# Lecture 8: Python's collections

Python’s collections module provides a rich set of specialized container data types carefully designed to approach specific programming problems in a Pythonic and efficient way.

## Function: deque()

Python’s deque was the first data structure in collections.

This sequence-like data type is a generalization of stacks and queues designed to support memory-efficient and fast append and pop operations on both ends of the data structure.

In [1]:
from collections import deque

ticket_queue = deque()
print(ticket_queue)

print()

# People arrive to the queue
ticket_queue.append("Jane")
ticket_queue.append("John")
ticket_queue.append("Linda")
print(ticket_queue)

print()

# People bought their tickets
print(ticket_queue.popleft())
print(ticket_queue.popleft())
print(ticket_queue.popleft())

print()

# No people on the queue
print(ticket_queue.popleft())

deque([])

deque(['Jane', 'John', 'Linda'])

Jane
John
Linda



IndexError: pop from an empty deque

In [2]:
from collections import deque

recent_files = deque(["core.py", "README.md", "__init__.py"], maxlen=3)

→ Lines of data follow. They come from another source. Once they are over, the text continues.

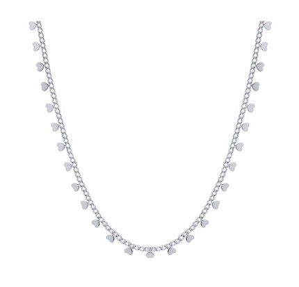 COLAR CURTO COM MINI CORAÇÕES LISOS BANHADO A RÓDIO BRANCO
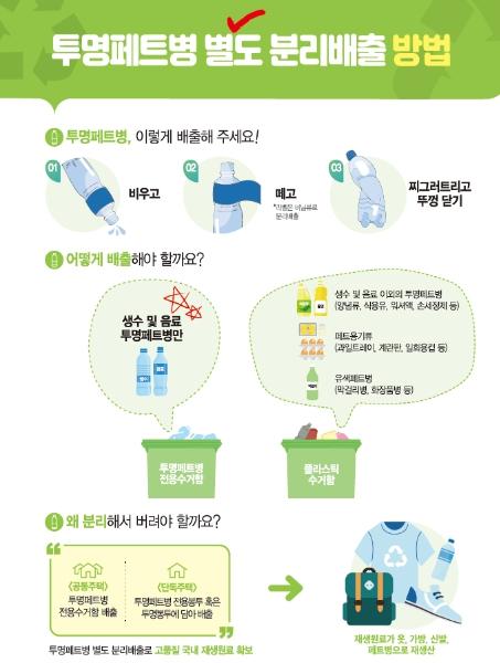 ‘투명페트병 별도 분리배출제’는 무색·투명한 생수 및 음료 페트병을 일반 플라스틱 및 유색 페트병과 구분하여 별도로 분리 배출하는 제도이다. 별도 분리배출된 투명페트병은 의류를 만드는 장섬유, 화장품 용기, 페트병 등 가치가 높은 제품 소재로 다시 활용된다.
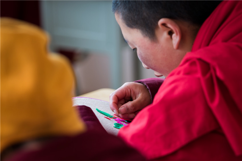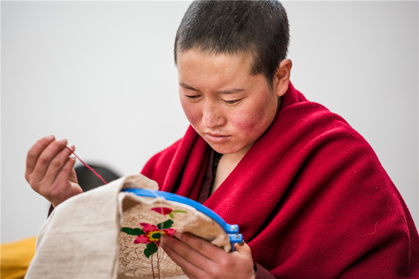 行攝途中經(jīng)過塔公鎮(zhèn)扎西寺,遇見康定市婦聯(lián)邀請到的中國國家級非物質(zhì)文化遺產(chǎn)藏羌織繡傳承人,正在為自愿報名的數(shù)十名覺姆傳授藏繡圖案基礎(chǔ)知識、藏繡圖案的常見表現(xiàn)形態(tài)、挑繡、納花繡、鏈子扣、扎花、提花、拼花、勾花和手繡等各種繡法技能。佛教的學(xué)習(xí)本是無止境的,我被這安靜、專注的場景深深感染,按下相機快門的一瞬就記錄了朵朵盛開在指尖的蓮花。
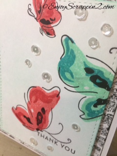 For my card base, I have a top folding A2 size card stock which is Neenah, by the way. I also cut another white card stock measuring 4″x%5 1/4″ and another cut using the MFT’s stitched rectangle die. I’m going to make my own background paper using the Obsessions Impression’s Background stamp inked up with Tim Holtz distress mini ink pad. I do have the whole collection of the full size ink pads which I still use, but sometimes the little ones are just easier. I stamped out the brick wall and put it aside and will work on our focal panel. I stamped out the Thank you sentiment using the same Alte New stamp set and I stamped out one of the butterflies using the New Cracked Pistachio and Peacock feathers. The 2nd butterfly was stamped using the New Abandoned coral and Festive berries. I also stamped out a small butterfly using the same abandoned coral. After doing so, I attached some Cartwright Moonshine sequins and added some Wink of Stella clear pens on the butterflies for the finishing touch. It’s super easy and simple but it looks like you took a while to make this card. I do have a full tutorial on my Youtube Channel with more description of this 3 step stamping. I hope you enjoyed this cad and please subscribe and follow for more inspirations and ideas. Thank you, and Mahalo:)
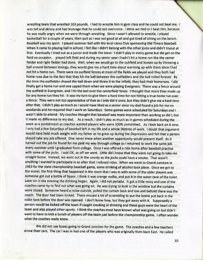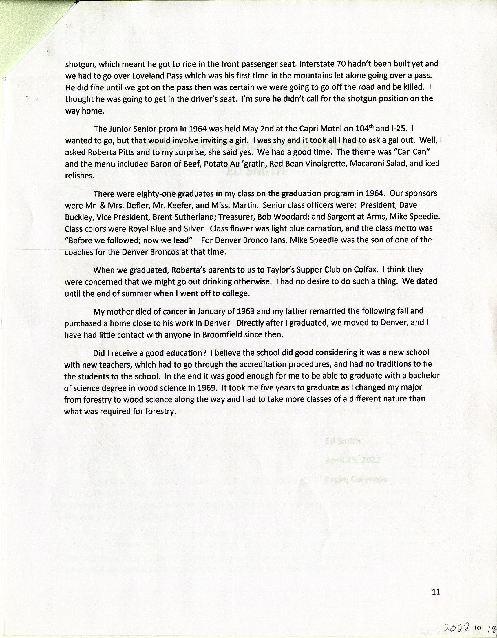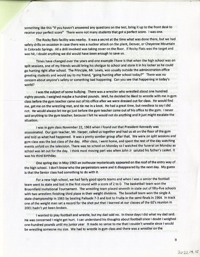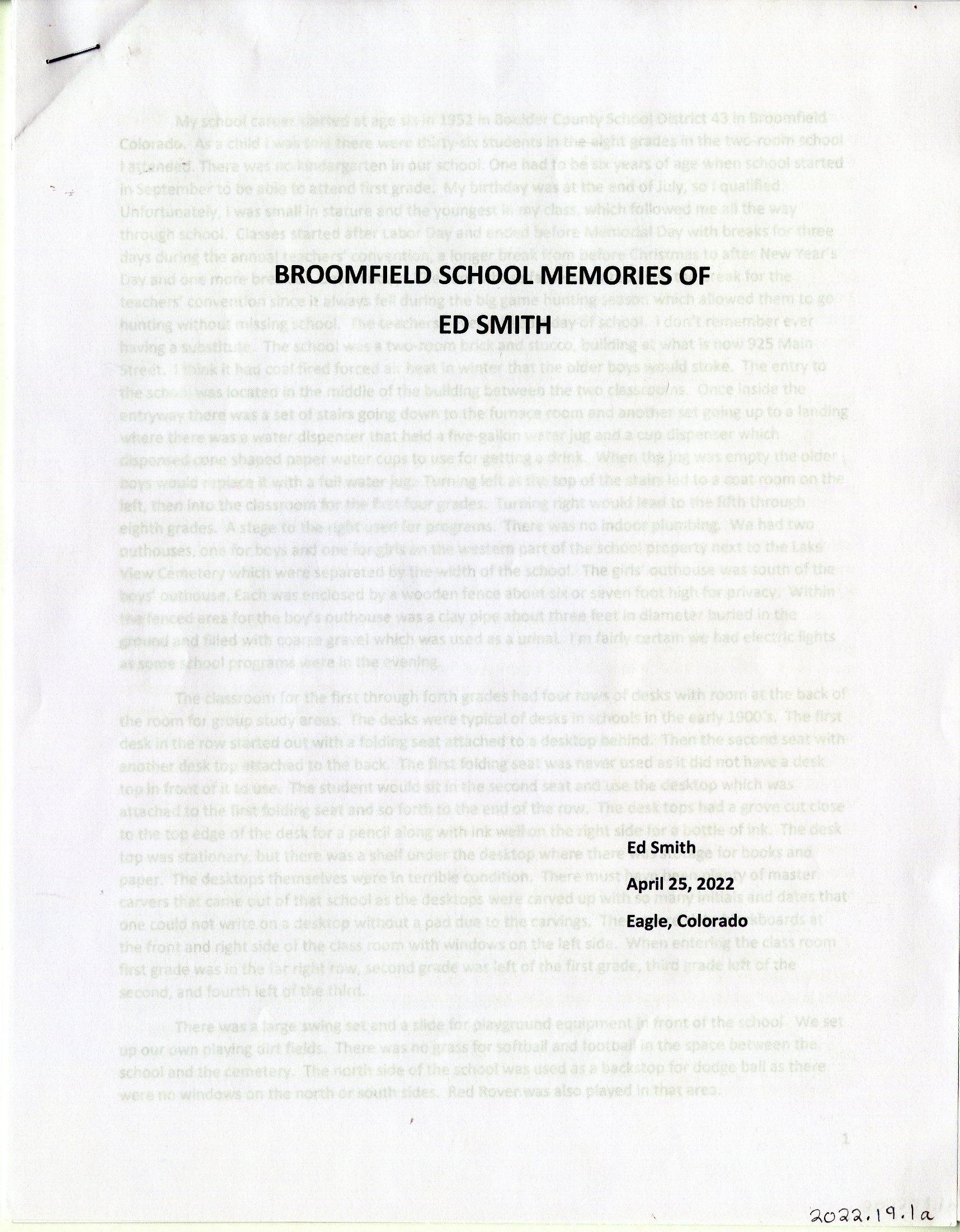 Personal account from Ed Smith about his childhood in Broomfield in the 1950s and 1960s, particularly his experience attending the old brick Broomfield School beginning in 1952 and demolished a few years later. Grew up at 7795 West 120th Avenue in Broomfield, next to the Grange (now demolished).
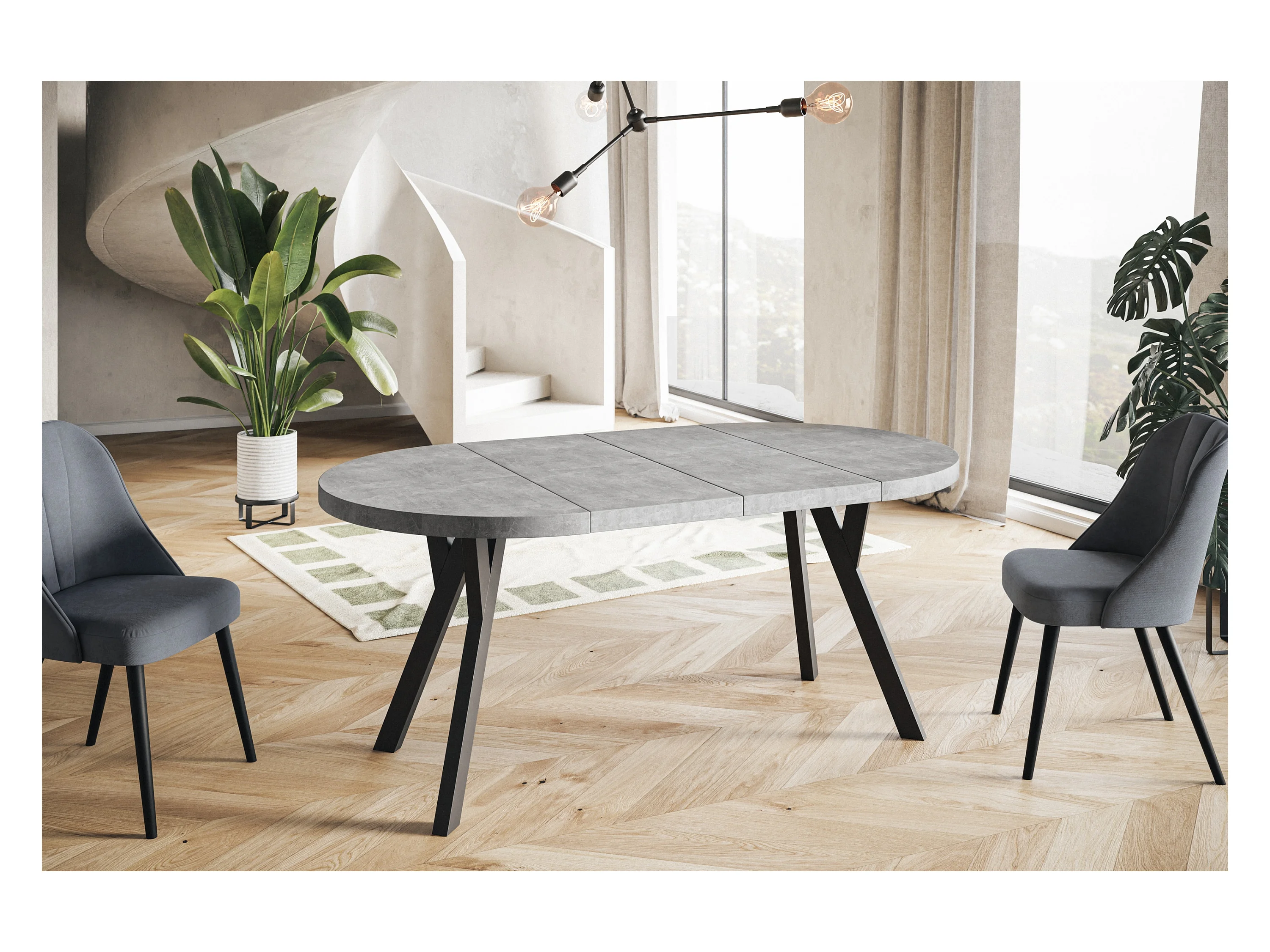 Table de salle à manger ronde OVO, table à rallonges Diamètre : 110 cm à 210 cm, couleur de la table basse : graphite, avec pieds en bois de couleur noire
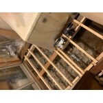 洗面室のため、既存フローリングからクションフロアに変更いたしました。所どころ床が落ちていましたので、根太からやり直しました。
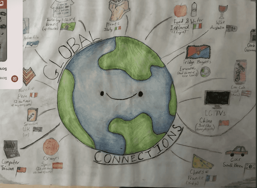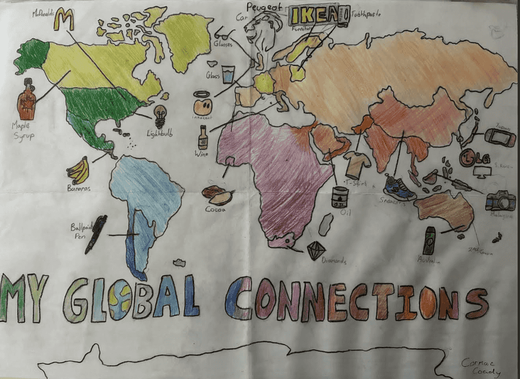In CSPE class the pupils of 2i had to create a poster showing how interconnected the world is today by showing how their lives are connected to other countries (e.g. clothes they wear, foods they eat, products they use etc..).
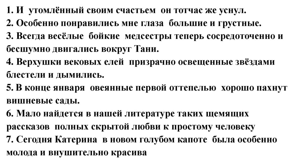 1. И утомлённый своим счастьем он тотчас же уснул.2. Особенно понравились мне глаза большие и грустные.
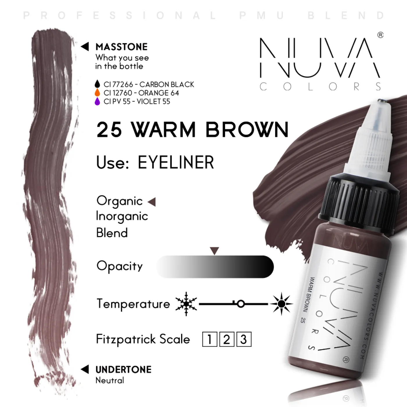 Представяме ви NUVA COLORS USA - нова линия висококачествени пигменти за перманентен грим, създадени с мисъл за нуждите на истинските PMU артисти. Широката гама от пигменти NUVA COLORS ще ви помогне да постигнете желаните ефекти. От фини естествени нюанси до смели и драматични цветове, пигментите NUVA COLORS предлагат безкрайни възможности за създаване на зашеметяващи PMU визии. Пигментите NUVA COLORS осигуряват сияен и дълготраен ефект.
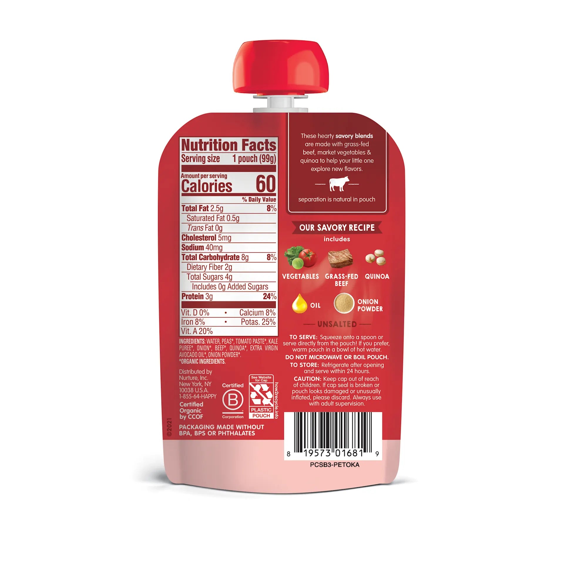 This stew-inspired puree introduces baby to exciting new flavors in a recipe that features organic grass-fed beef, market vegetables & quinoa, with flavorful oils & spices.
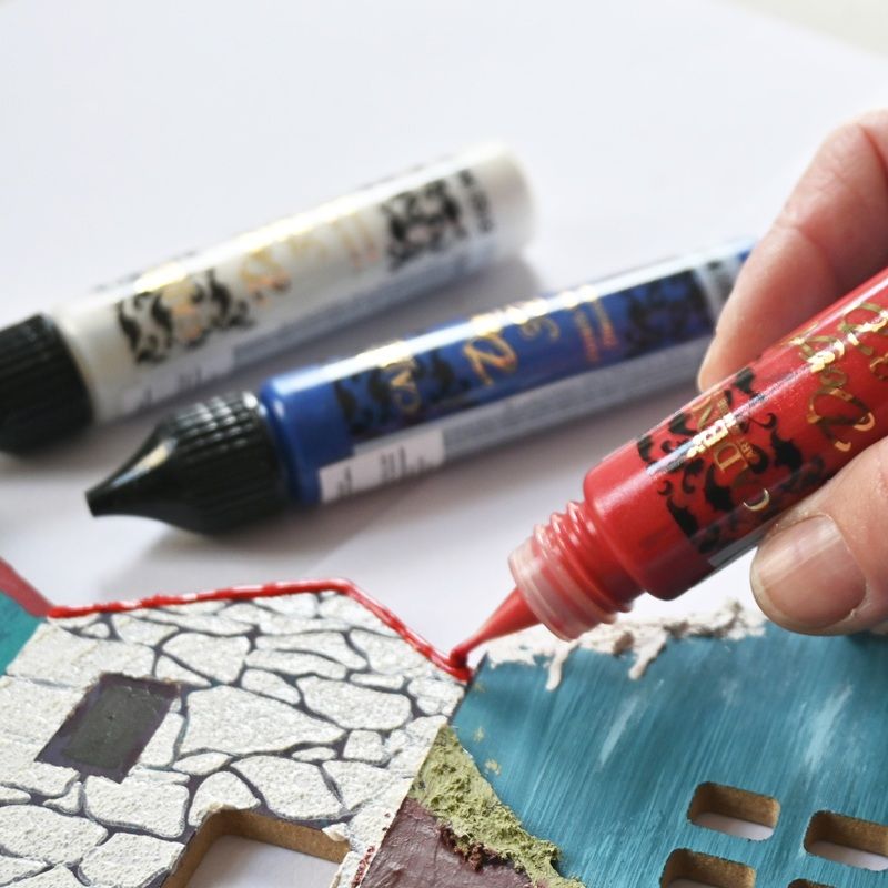 Rychleschnoucí metalická 3D barva balená v praktické konturovací lahvičce umožňuje dekorování rozmanitých povrchů: dřevo, stěny, malířské plátno, keramika, papír, textil, polystyren, kámen, beton, kov a podobně.
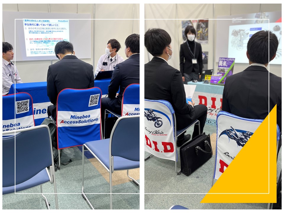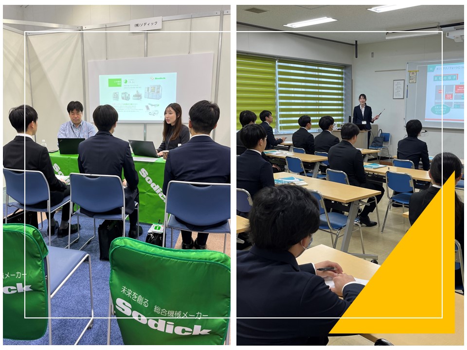 卒業生が人事担当としてご来校される企業様も。学生も積極的に質問するなど、自らの将来を切り拓くチャレンジをしておりました。
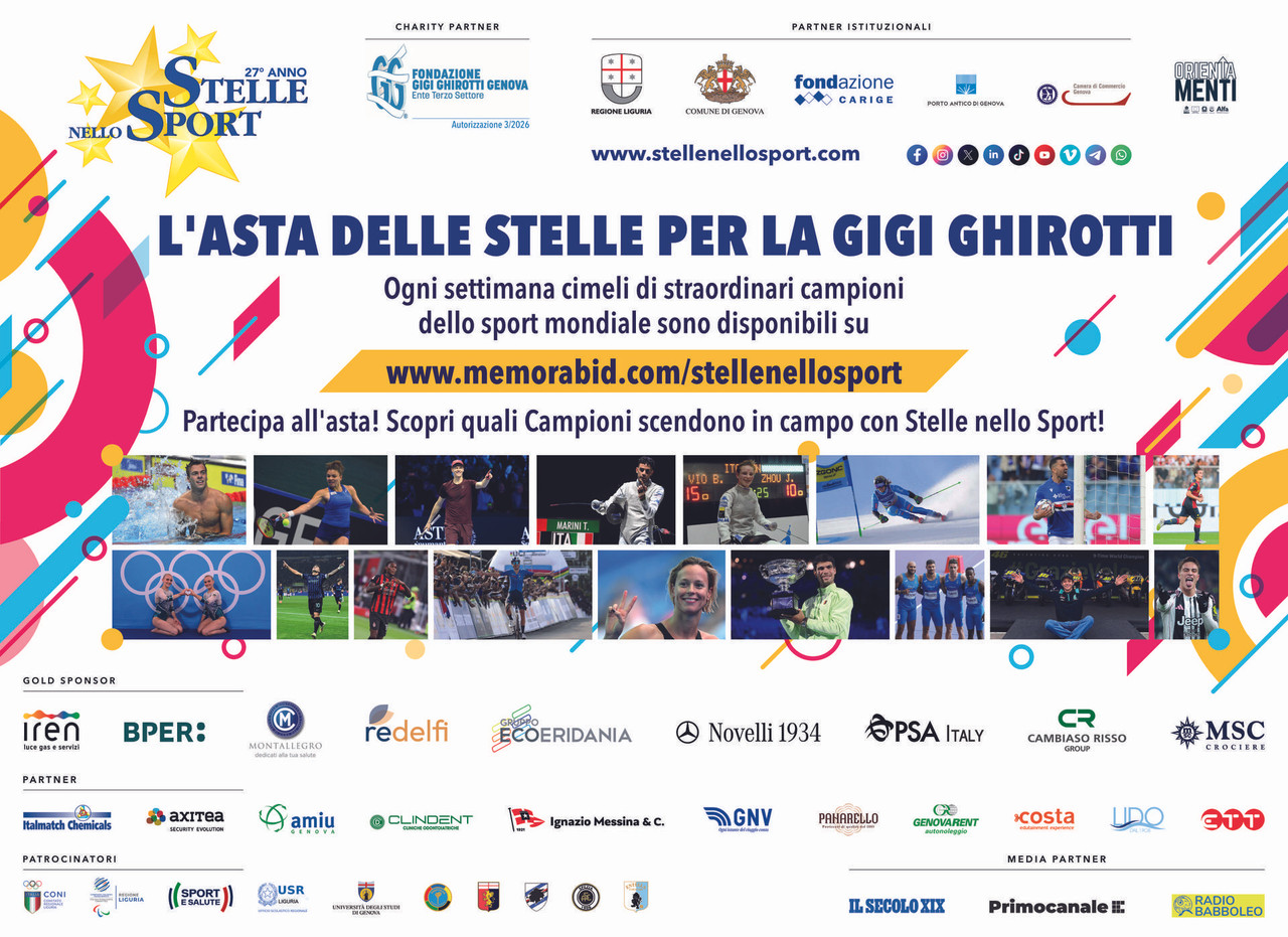 Su https://memorabid.com/stellenellosport è davvero una settimana speciale, dedicata ai collezionisti e agli appassionati, con una selezione di cimeli unici donati dai più grandi protagonisti delle scene nazionali e internazionali. Dalle leggende del motociclismo alle icone del tennis moderno, ogni oggetto racconta una storia di sacrificio, talento e generosità. L'intero ricavato è donato alla Fondazione Gigi Ghirotti ETS.
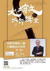 「大墩大師講堂」3月16日下午2時,在大墩文化中心邀請有「股市憲哥」之稱的賴憲政,主講「存股存錢存人脈,小錢滾出大未來」,從現今經濟趨勢分析、科技應用的改變,分享理財投資概念、如何建立理財習慣及今年投資策略。欲參加的民眾可至大墩文化中心網站(http://bit.ly/2HhEk0m)免費報名。
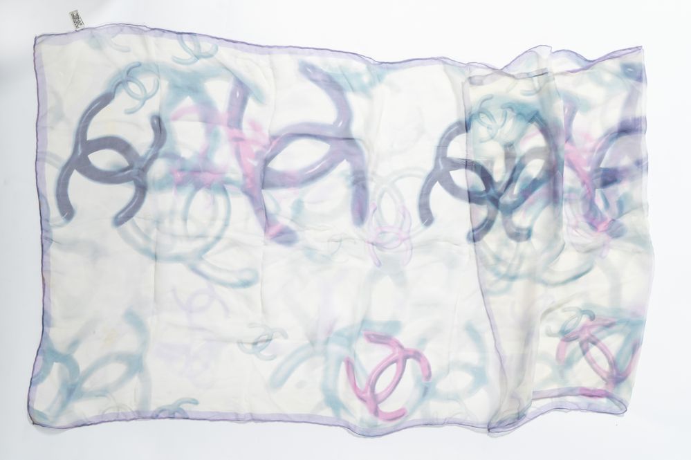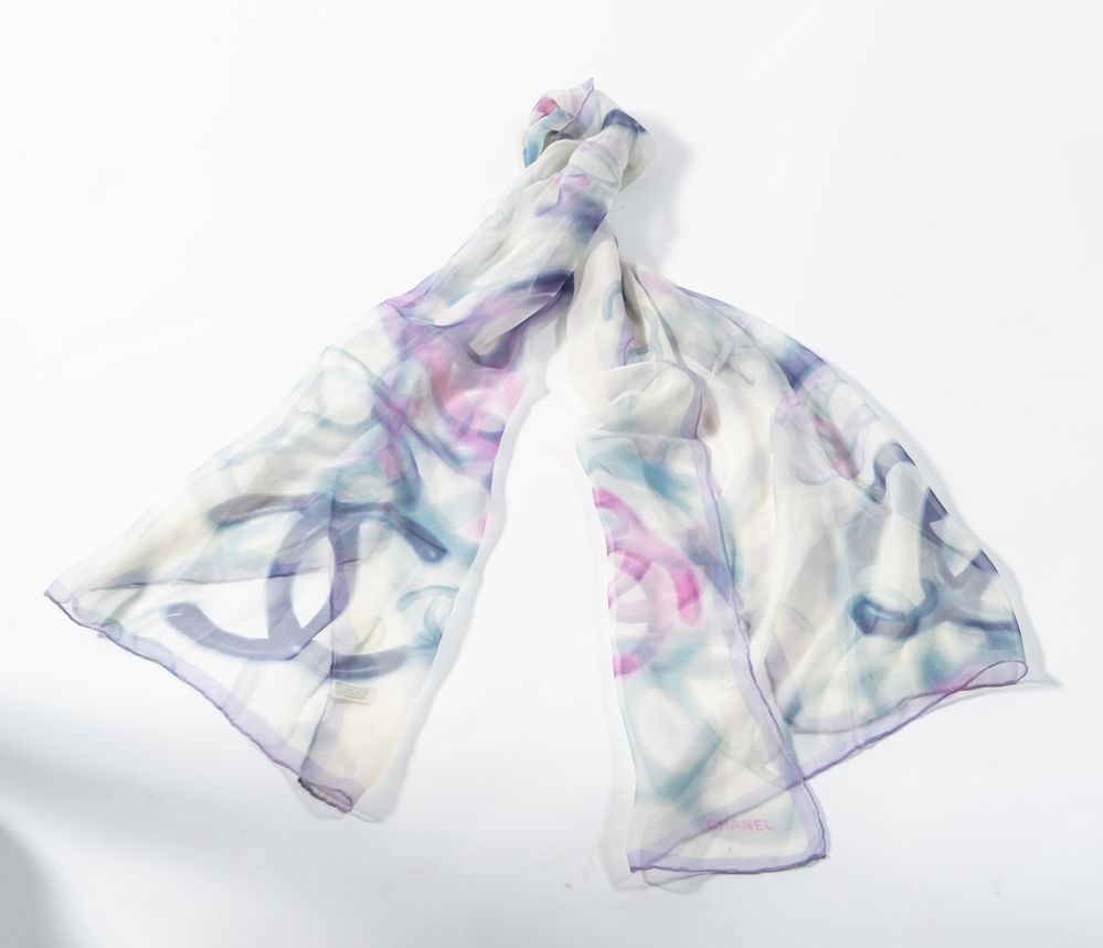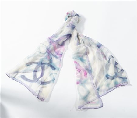 CHANEL Foulard in seta a fantasia CC sui toni del bianco, del viola e dell'azzurro. Cm 65x150. Composizione: 100% seta. Reca marchi CC e Chanel ed etichetta Fabrique en Italie. (Difetti)

recent_files.appendleft("database.py")
print(recent_files)

recent_files.appendleft("requirements.txt")
print(recent_files)

deque(['database.py', 'core.py', 'README.md'], maxlen=3)
deque(['requirements.txt', 'database.py', 'core.py'], maxlen=3)


In [3]:
### Deques also support sequence operations:

# Method           Description
# .clear()         Remove all the elements from a deque
# .copy()          Create a shallow copy of a deque
# .count(x)        Count the number of deque elements equal to x
# .remove(value)   Remove the first occurrence of value
# and so on.

## Function: defaultdict()

A dictionary subclass for constructing default values for missing keys and automatically adding them to the dictionary.

In [4]:
# A common problem you’ll face when you’re working with dictionaries in Python is how to handle missing keys. 
# If you try to access a key that doesn’t exist in a given dictionary, then you get a KeyError:

favorites = {"pet": "dog", "color": "blue", "language": "Python"}
print(favorites["fruit"])

KeyError: 'fruit'

In [None]:
# There are a few approaches to work around this issue. For example, you can use .setdefault()

# Since this key doesn’t exist in favorites, .setdefault() creates it and assigns it the value of apple
favorites = {"pet": "dog", "color": "blue", "language": "Python"}
print(favorites.setdefault("fruit", "apple"))
print(favorites)

print()

# If you call .setdefault() with an existent key, then the call won’t affect the dictionary
print(favorites.setdefault("pet", "cat"))
print(favorites)

In [None]:
# You can also use .get() to return a suitable default value if a given key is missing

favorites = {"pet": "dog", "color": "blue", "language": "Python"}
print(favorites.get("fruit", "apple"))
print(favorites)

# However, .get() doesn’t create the new key for you.

In [None]:
# You can use any callable to initialize your 'defaultdict' objects.
# For example, with int() you can create a suitable counter to count different objects:
from collections import defaultdict

counter = defaultdict(int)
print(counter)
print(counter["dogs"])
print(counter)

counter["dogs"] += 1
counter["dogs"] += 1
counter["dogs"] += 1
counter["cats"] += 1
counter["cats"] += 1
print(counter)

## Function: namedtuple()

A factory function for creating subclasses of tuple that provides named fields that allow accessing items by name while keeping the ability to access items by index.

In [None]:
from collections import namedtuple

Car = namedtuple('Car', ['color', 'mileage'])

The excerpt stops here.